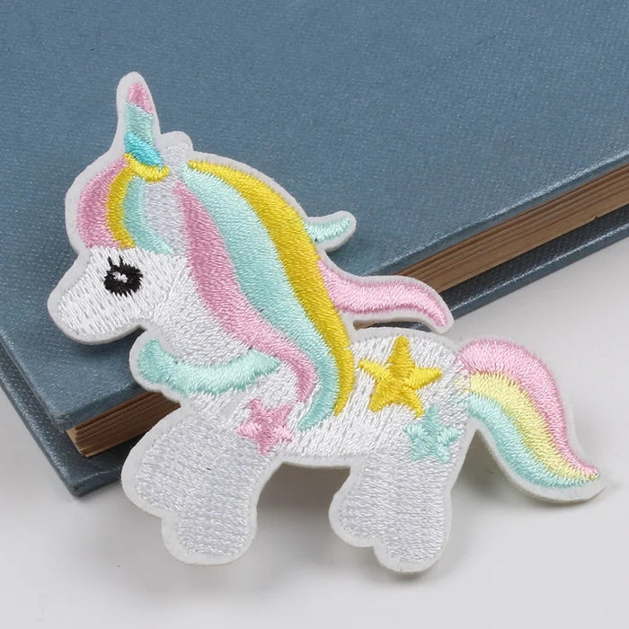 Pastel White Unicorn 9cm Embroidered Iron-On Patch
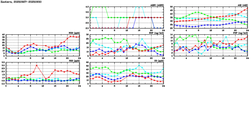 Air Quality Data Time Series in Eastern (2025/09/30) | ( Line colors: Day -3 Day -2 Day -1 Current day ) | 2D Map Current AQHI |
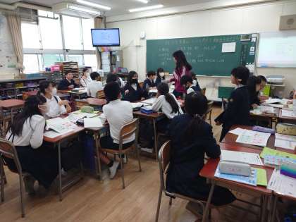 グループでアイデアを出し合いながら一生懸命考えていました。
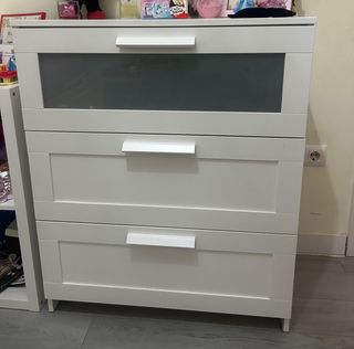 Dos cómodas BRIMNES de Ikea en color marron oscuro. Están en muy buen estado y son perfectas para cualquier dormitorio. - Tienen 4 cajones cada una. - Un cajón superior con puerta de cristal. - Ideales para guardar ropa y otros objetos.
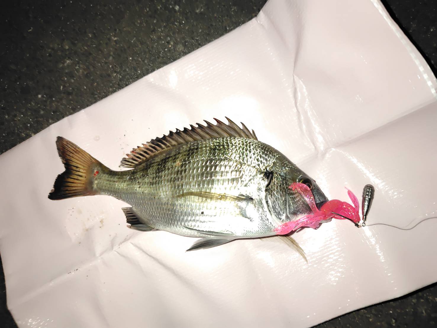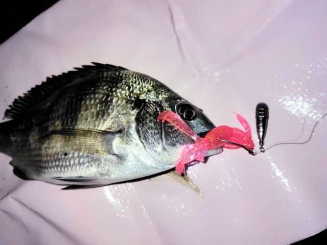 今年は伊勢店チニング部隊大苦戦中です(^_^;)昨年同様に宮川へ通ってはいますがなかなか釣果を出すことができません。この日も伊勢店のチニング部隊との釣行でしたがやはり苦戦。しかし諦めずに伊勢店オリカラのバブリーロゼを投げ続けていると回収間近にアタリが!アワセを入れると生命感はありますが想定している重みや引きではありません。回収間近ということもありすぐに抜き上げると写真のチヌでした(・o・)小型ですが久しぶりの釣果でうれしい1枚となりました!
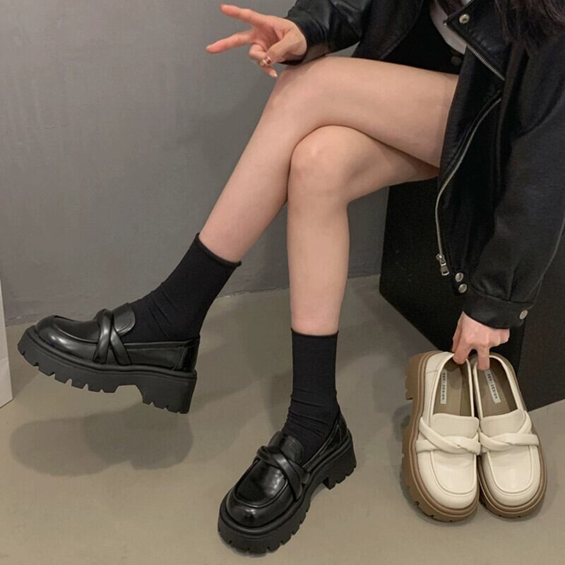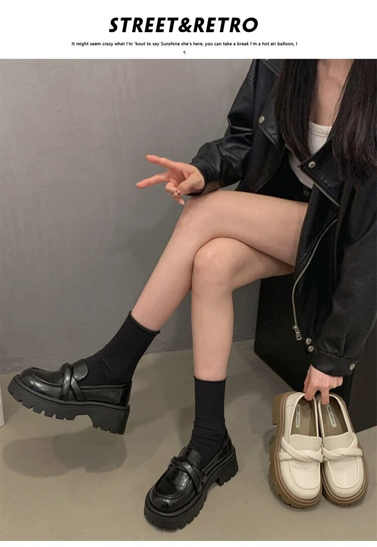 Jia Bufake 小さな革靴の女性 2024 春の新スタイルのシングルシューズレトロシンプルな気質フランス万能厚底ローファー スプリング 春物 レザー jxjxf91424335290
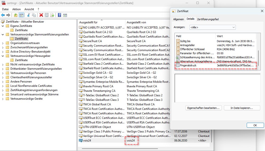 Die Angaben für die Felder “Zertifikat” und “Fingerabdruck” entnehmen Sie bitte Ihrem Zertifikat in der Windows-Zertifikatverwaltung:
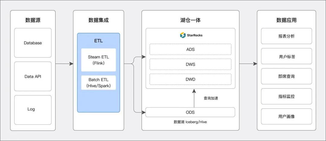 数仓分层存储: 将数据实时写入 StarRocks 中,所有热数据的查询均在 StarRocks 数据仓库中进行,上层数据应用在执行查询时,对于高 QPS 和低延迟要求的 SQL 直接走 StarRocks 内表。数据湖查询加速: 将 ODS 层数据写入数据湖中,DWD、DWS、ADS 层则存储在 StarRocks 中。
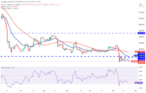 比特币仍处于下降趋势。空头在11月21日将价格拉低至16,229美元的直接支撑位以下,这表明多头的需求不足。

* * *

Leaving out each picture, repeat exactly the lines above from the one that contains "Dos cómodas BRIMNES" through the one that contains "Die Angaben für".

 Dos cómodas BRIMNES de Ikea en color marron oscuro. Están en muy buen estado y son perfectas para cualquier dormitorio. - Tienen 4 cajones cada una. - Un cajón superior con puerta de cristal. - Ideales para guardar ropa y otros objetos.
 今年は伊勢店チニング部隊大苦戦中です(^_^;)昨年同様に宮川へ通ってはいますがなかなか釣果を出すことができません。この日も伊勢店のチニング部隊との釣行でしたがやはり苦戦。しかし諦めずに伊勢店オリカラのバブリーロゼを投げ続けていると回収間近にアタリが!アワセを入れると生命感はありますが想定している重みや引きではありません。回収間近ということもありすぐに抜き上げると写真のチヌでした(・o・)小型ですが久しぶりの釣果でうれしい1枚となりました!
 Jia Bufake 小さな革靴の女性 2024 春の新スタイルのシングルシューズレトロシンプルな気質フランス万能厚底ローファー スプリング 春物 レザー jxjxf91424335290
 Die Angaben für die Felder “Zertifikat” und “Fingerabdruck” entnehmen Sie bitte Ihrem Zertifikat in der Windows-Zertifikatverwaltung:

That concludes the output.